Cruz Manuelos, a rough-around-the-edges but passionate young Marine, is recruited to join the CIA's Lioness Engagement Team to help bring down a terrorist organization from within. Joe, the station chief of the Lioness program, is tasked with training, managing and leading her female undercover operatives.
Ratings
Curator score: 4.3/10
IMDb: 7.8/10
Rotten Tomatoes: 72%
Metacritic: 56
TMDB: 8.0/10
Production
Blossom Films, MTV Entertainment Studios, 101 Studios, Bosque Ranch Productions, Cinestar Pictures, Paramount Television Studios
Cast
Zoe Saldaña, Laysla De Oliveira, Dave Annable, Jill Wagner, LaMonica Garrett, James Jordan, Genesis Rodriguez, Michael Kelly, Austin Hébert, Jonah Wharton, Hannah Love Lanier, Nicole Kidman, Morgan Freeman, Ian Bohen
Where to watch
fuboTV, Paramount Plus Premium, Paramount Plus Essential, Spectrum On Demand
Curator Review
Verdict
A tense, glossy espionage thriller with strong action and a propulsive premise, but it’s also uneven in character depth and often leans more on Sheridan-style momentum than nuance.
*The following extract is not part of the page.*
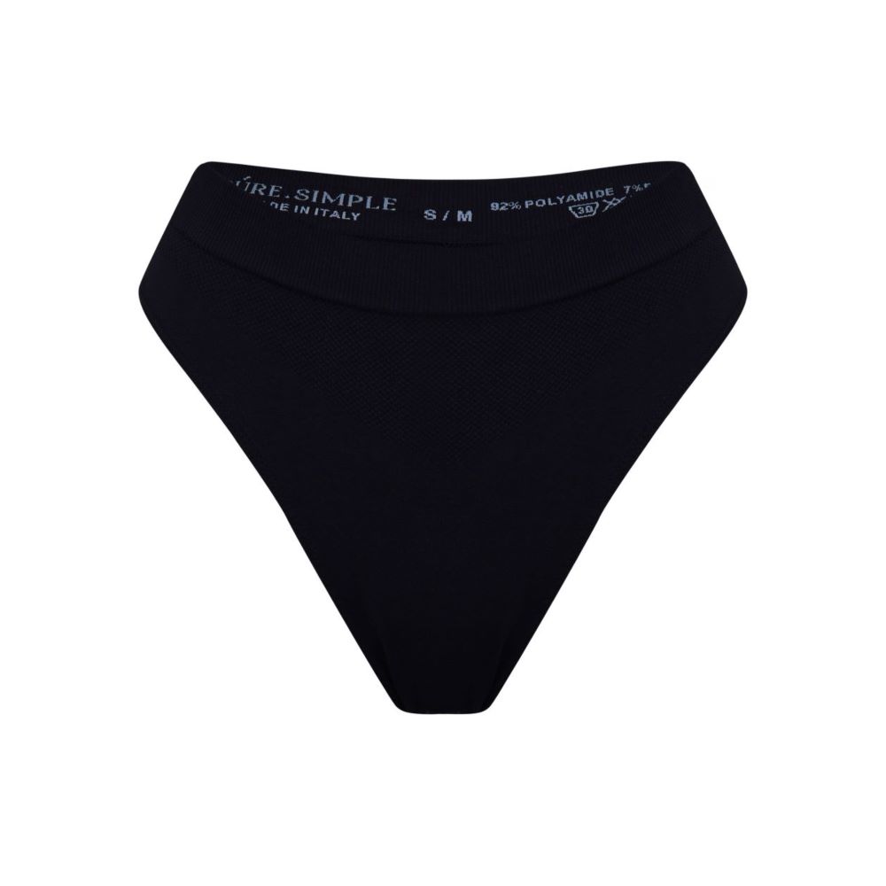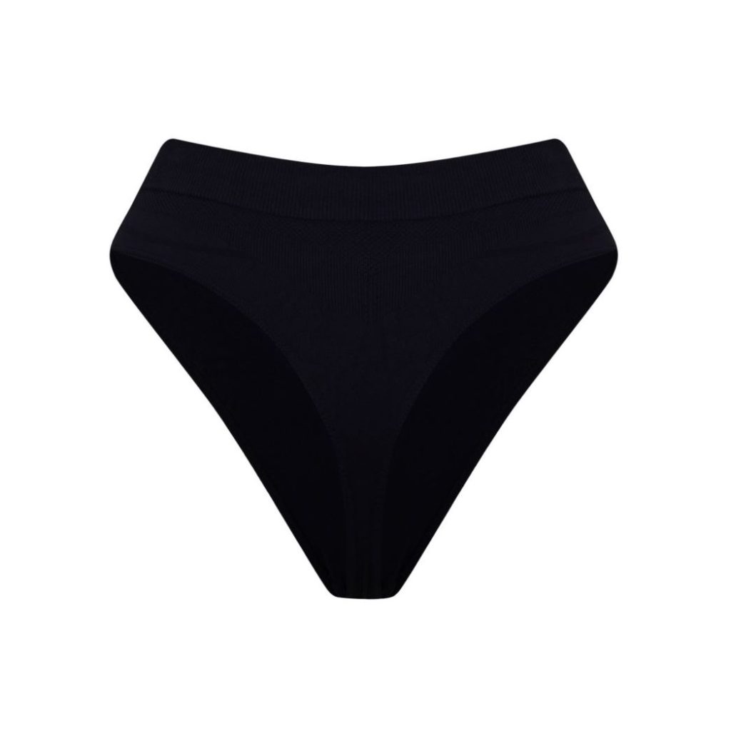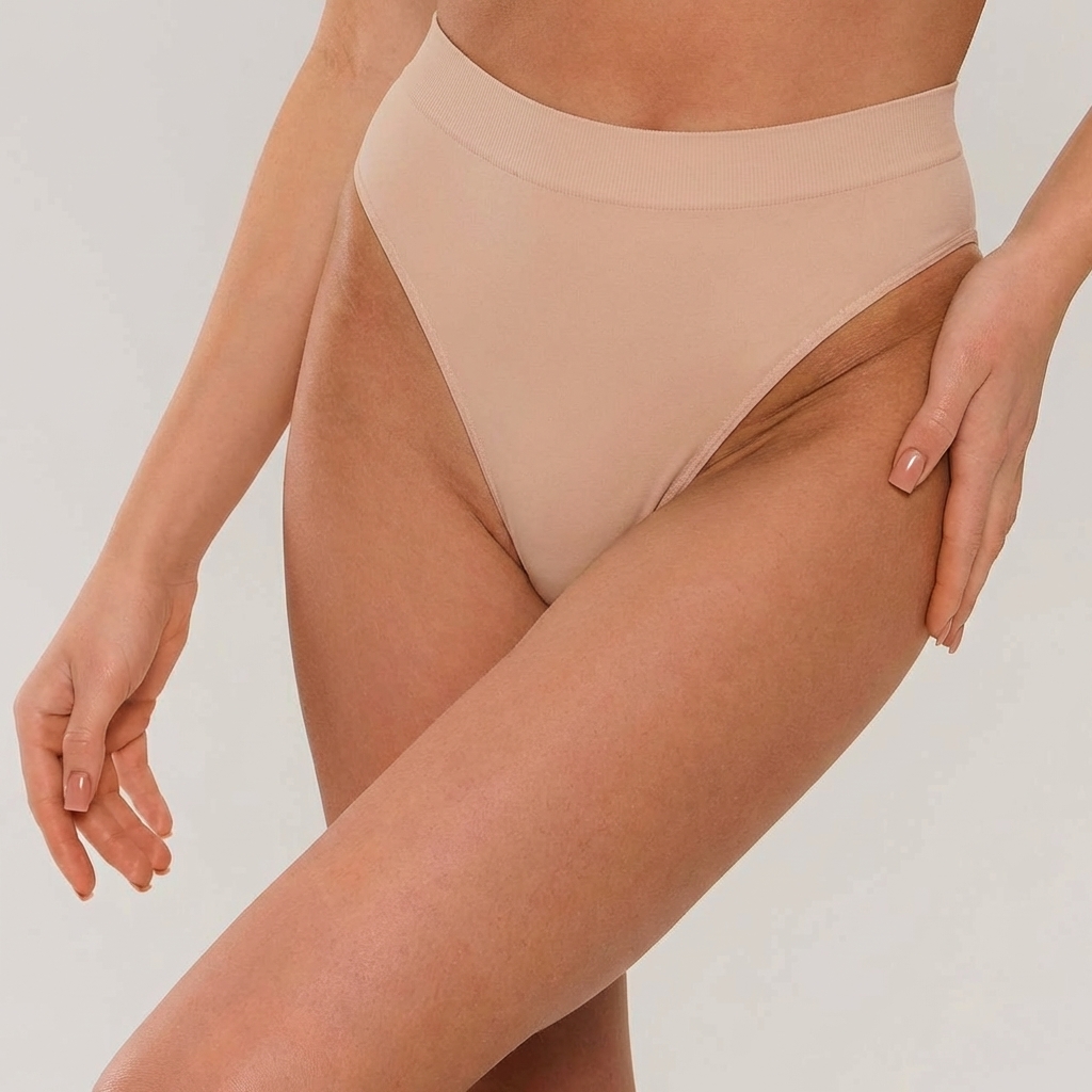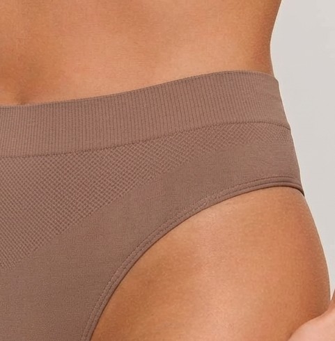 Chiloți-thong cu talie înaltă din capsulă Basic Linjerie este realizat folosind tehnologia modernă fără cusături din microfibră mătăsoasă. Chiloții dezvăluie maxim fesele; este completat de o căptușeală igienică din bumbac. Banda elastică complet tricotată dintr-o țesătură mai densă cu nervuri fine.

Worth it if you want a fast, militarized spy series with big stakes and a polished streaming sheen.
Best for
fans of modern espionage and covert-ops dramas
viewers who like action-forward prestige TV
Taylor Sheridan completists
people who enjoy female-led undercover stories
Skip if
you want subtle, character-first spycraft
you’re tired of militarized, macho-adjacent thriller writing
you prefer tightly plotted espionage over broad melodrama
you want a consistently even series across every episode
Overview
Lioness is built for speed: recruitment, training, infiltration, and escalation all arrive with the confidence of a premium streaming thriller. Zoe Saldaña gives the series a grounded center, and the undercover framework has enough built-in tension to keep the show moving even when the writing gets blunt or familiar. The action is polished, the stakes are clear, and the premise is easy to binge.
Worth noting
The tradeoff is depth. Like a lot of Sheridan’s work, Lioness often favors hard-charging momentum, tactical swagger, and emotional shorthand over subtle development. Some supporting arcs feel undercooked, and the series can be more interested in the machinery of covert operations than in fully exploring the people inside them.
Bottom line
Season 1 is the main draw and the most satisfying entry point; Season 2 continues the formula with more of the same strengths and weaknesses. If you’re in the mood for a slick, high-stakes spy drama that plays like a blockbuster series, it delivers. If you want a more intricate or psychologically layered intelligence story, there are stronger alternatives.